Ten Ways Behringer Could Have Improved On The Arturia KeyStep

The Behringer introduction, earlier this week, of the Swing MIDI controller – a knockoff of the popular Arturia Keystep – struck many readers as sad and even pathetic.

Or, as Glen Darcey, VP of Product Management at Arturia during the development of the original Keystep, says, “To take a product that has been on the market for 5 years and not do anything new, learning from customer complaints or looking at alternate use cases, is just absurd.”

Chicago-based designer Clayton Miller viewed Behringer’s Keystep knockoff as a lost opportunity. He decided to use the Swing controversy as an opportunity to explore some of the other possibilities that Behringer’s approach ignored.

“Everyone’s roasting Behringer right now, and for good reason,” he says. “I tried to take a positive approach and explore what they could have done to actually innovate!”

On his site interuserface.net, Miller shares Ten Ways Behringer Could Have Improved on the KeyStep.

The article includes 10 design sketches that show some of the possibilities of creating iterations on the Keystep design, rather than simply copying. They include options like adding a row of buttons for step sequencing, shown above, or incorporating a joystick instead of touchstrip controls, right.

“It is a genuine head-scratcher – how a company that clearly has the capability for original product development, given critical successes such as its Neutron semi-modular synthesizer or its Wing mixing console, could veer to such an unimaginative extreme,” adds Miller. “How hard would it have been to think of something – anything – to differentiate the hardware? Could they really not come up with a single idea?”
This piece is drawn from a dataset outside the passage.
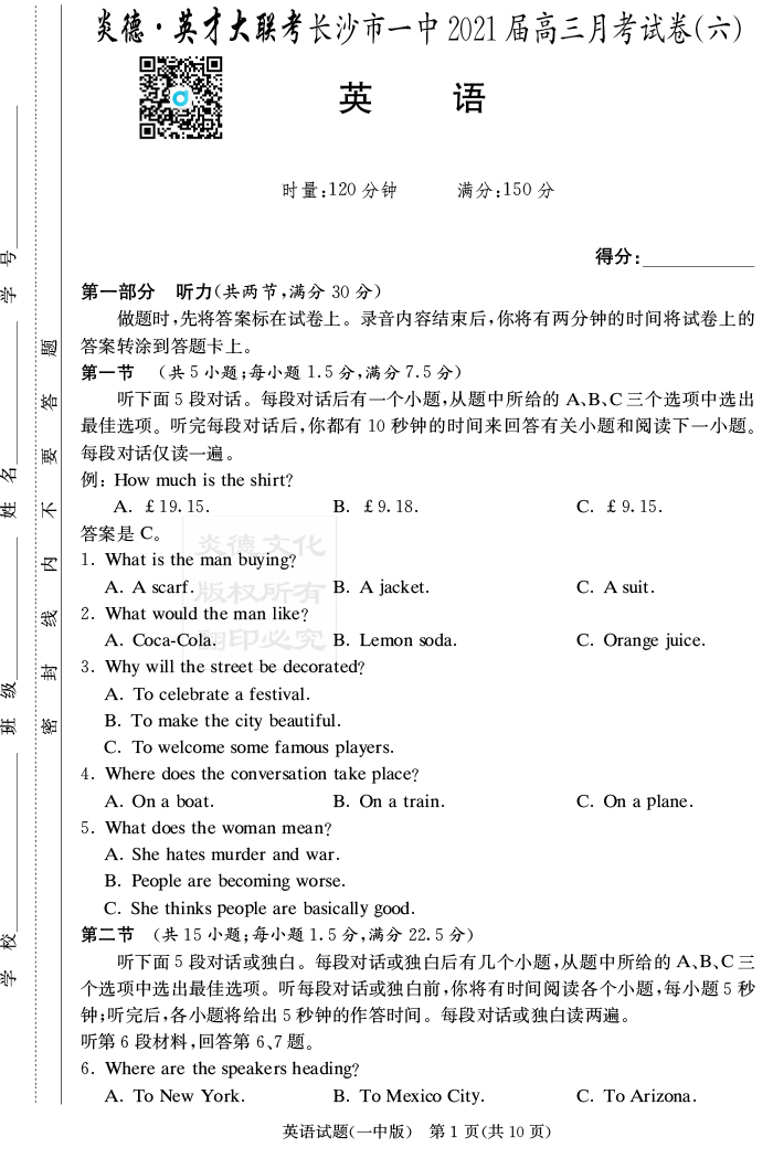 【英語】炎德英才大聯(lián)考2021屆長沙市一中高三6次月考

Check it out and let us know what you think. Would any of these designs make you more interested in buying a Behringer alternative to the Keystep?
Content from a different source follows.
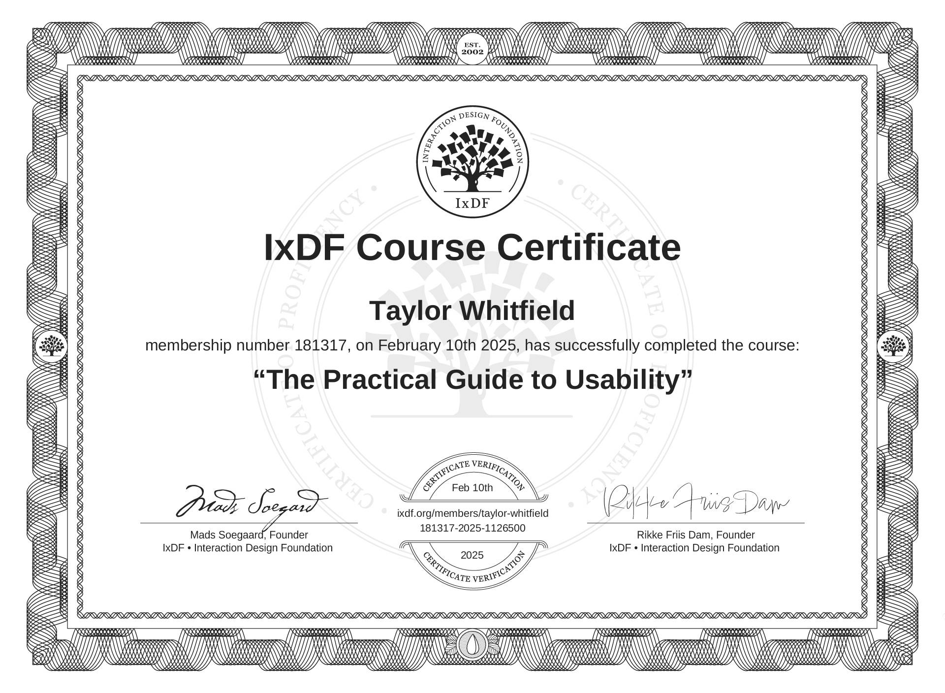 Taylor Whitfield's IxDF Course Certificate: The Practical Guide to Usability

62 thoughts on “Ten Ways Behringer Could Have Improved On The Arturia KeyStep

      1. Maybe Uli Behringer is actually under pressure from the Chinese who are making the blatant knockoffs and are simply using Behringer as a coal chute into the West. The Chinese, who couldn’t care less what any one of us thinks, could find another Behringer type front man easily, but Behringer would be hard pressed to survive if he is blacklisted in China.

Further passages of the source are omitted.